Crypto's Last Five Days: Liquidations, Ethereum's Overhaul, and Infrastructure Built Through a Selloff
Five days — June 22 through 26 — gave the crypto market two parallel storylines at once. One is a sharp selloff, mass liquidations and restructuring inside the industry's own institutions. The other is the quieter march of institutional infrastructure-building — tokenization, new stablecoins, market structure bills — that kept moving almost unnoticed underneath the red candles. Here's the week, pulled together.
Prices fell, liquidations spiked
Bitcoin went from $65,034 on June 22 to $58,980 on June 26 — down 4.47% in seven days and nearly $14,000 below its May peak of $77,623, according to Fortune and Coin360. On June 26 it broke below $58,000, and $1.26 billion in positions were liquidated in 24 hours, hitting more than 209,000 traders, CCN reports. US spot bitcoin ETFs posted net outflows every single trading day from June 22 to 26 — about $1.79 billion in total — while ether ETFs lost another $273 million over the same stretch; the broader 30-day drawdown is estimated at $6.35 billion, the largest wave of institutional redemptions since spot bitcoin ETFs launched.
What CZ is saying
Binance founder Changpeng Zhao told CoinDesk there isn't one single cause behind bitcoin's roughly 50% drop from its October peak above $126,000 — he pointed to three at once: geopolitical tension, capital rotating toward the AI sector, and the crypto market's familiar four-year cycle.
Zhao described these pressures as temporary, arguing the long-term fundamentals of the digital asset space remain intact.
Ethereum cleans house
On June 23, the Ethereum Foundation eliminated 54 positions — roughly 20% of its roughly 270-person staff — cut its 2026 operating budget by 40%, and reorganized into five clusters: protocol, access, user, community, and an institutional layer. Nine senior figures have left the Foundation since January 2026, including former co-executive directors Tomasz Stańczak and Hsiao-Wei Wang, Unchained notes. Ether dropped 5% the same day.
The mandate for the new Protocol Layer cluster spells out the Foundation's position bluntly: it "does not exist to make Ethereum more marketable or focused on short-term interests, or to make it easier to turn into another financial rail controlled by intermediaries."

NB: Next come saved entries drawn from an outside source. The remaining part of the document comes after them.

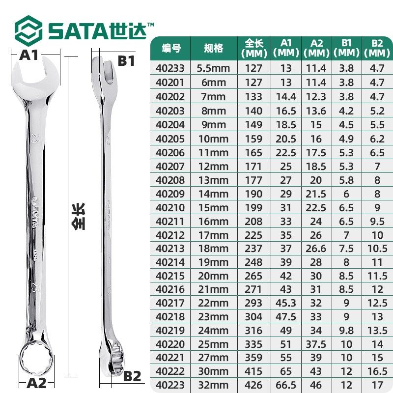 Sata世达欧式两用扳手梅花开口呆扳手13mm12/8/14/17汽修板子套装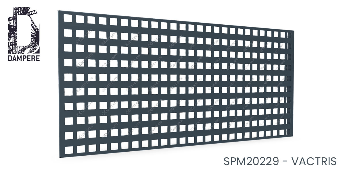 Là où les grilles fines filtrent, la plaque Vactris bloque. Elle trace une limite, affirme un périmètre, impose une frontalité. Ce motif ajouré assume une fonction défensive, tout en préservant une ventilation utile – idéale pour les façades de machineries, les enveloppes de parkings sécurisés, les masques de zones techniques. La faible ouverture en fait un matériau de dissimulation, apte à contenir ce qu’il abrite sans le montrer.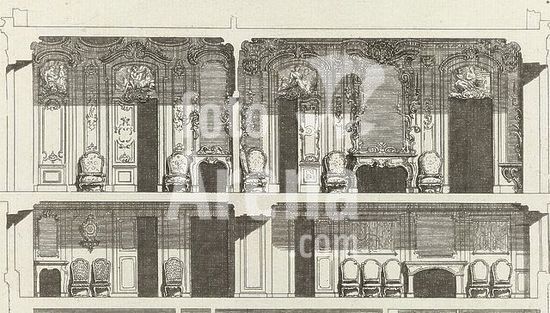 alb15538112 Louis XV (king of France), Paris, Huquier, Gabriel, Meissonnier, Juste Aurèle, Oeuvre de Juste Aurele Meissonnier, Maison de m. Léon Brethous a Bayonne, plans, élévations et coupes, Developement de l'entresol et du premier etage, Cross-section of the mezzanine and first floor of the house of Léon Berthous in Bayonne, Print from a series of 11 etchings with architectural designs and plans of this house. This print is part of an album., print, album leaf, prints, height 153 mm, width 251 mm, 1693 - 1750-07-31, intermediary draughtsman, after a drawing by, 1738 - 1749, paper, papier, etching, etchings, French, 1695 - 1772-06-11, print maker, printmaker, Publication (Event), Publication, publisher, uitgever, 1710-02-15 - 1774-05-10, verlener van privilege.

Regulatory pressure on both sides of the Atlantic
In Europe, the countdown to MiCA's July 1 deadline exposed the scale of the problem: only 216 of 3,167 previously registered EU crypto-asset service providers had secured authorization, according to Investing News Network. Binance is the highest-profile casualty, but far from the only one: on June 24 it withdrew its Greek license application, and on June 26 it formally warned users in several EU countries that some services would stop (we published a separate breakdown this week of what that means for EU-registered users). In the US, the Senate passed the "21st Century Road to Housing Act" on June 22, which includes a ban on the Federal Reserve issuing a retail central bank digital currency through 2030. Meanwhile the CLARITY Act — the bill meant to divide CFTC and SEC jurisdiction over US crypto markets — kept moving, opposed this week by Catholic leaders and Senator Elizabeth Warren, while Senator Cynthia Lummis and parts of the industry pushed for a quick vote.
This week's compliance scandals
A separate thread ran through sanctions evasion and hacks: TRM Labs accused the exchange CoinEx of processing $3.84 billion in Iran-linked flows since 2019, including $67 million routed directly from Iran's Central Bank through a multi-step, multi-chain scheme; CoinEx denies the allegations. And Humanity Protocol unlocked $54.8 million in tokens this week as part of its recovery from a $36 million multisig hack earlier in June.
What kept getting built underneath the selloff
Despite the overall backdrop, the infrastructure side of the market didn't stop moving: SpaceX pulled off a record $75 billion IPO but ran into a failed tokenized-access rollout on crypto exchanges; the tokenized real-world asset (RWA) market reported 589% growth over the past year; Ripple and SBI Group launched the RLUSD dollar stablecoin in Japan; and Elon Musk expanded access to the X Money payments service — still with no crypto functionality built in.
Takeaway
These five days are a clean snapshot of where crypto sits right now: on the surface, a sharp selloff, over a billion dollars in liquidations, and restructuring inside some of the industry's own institutions. Underneath, the slow, uninterrupted construction of institutional infrastructure and regulatory frameworks kept going regardless of the red candles. Which storyline ends up defining the next quarter probably depends more on how the macro pressure resolves than on anything happening inside crypto itself.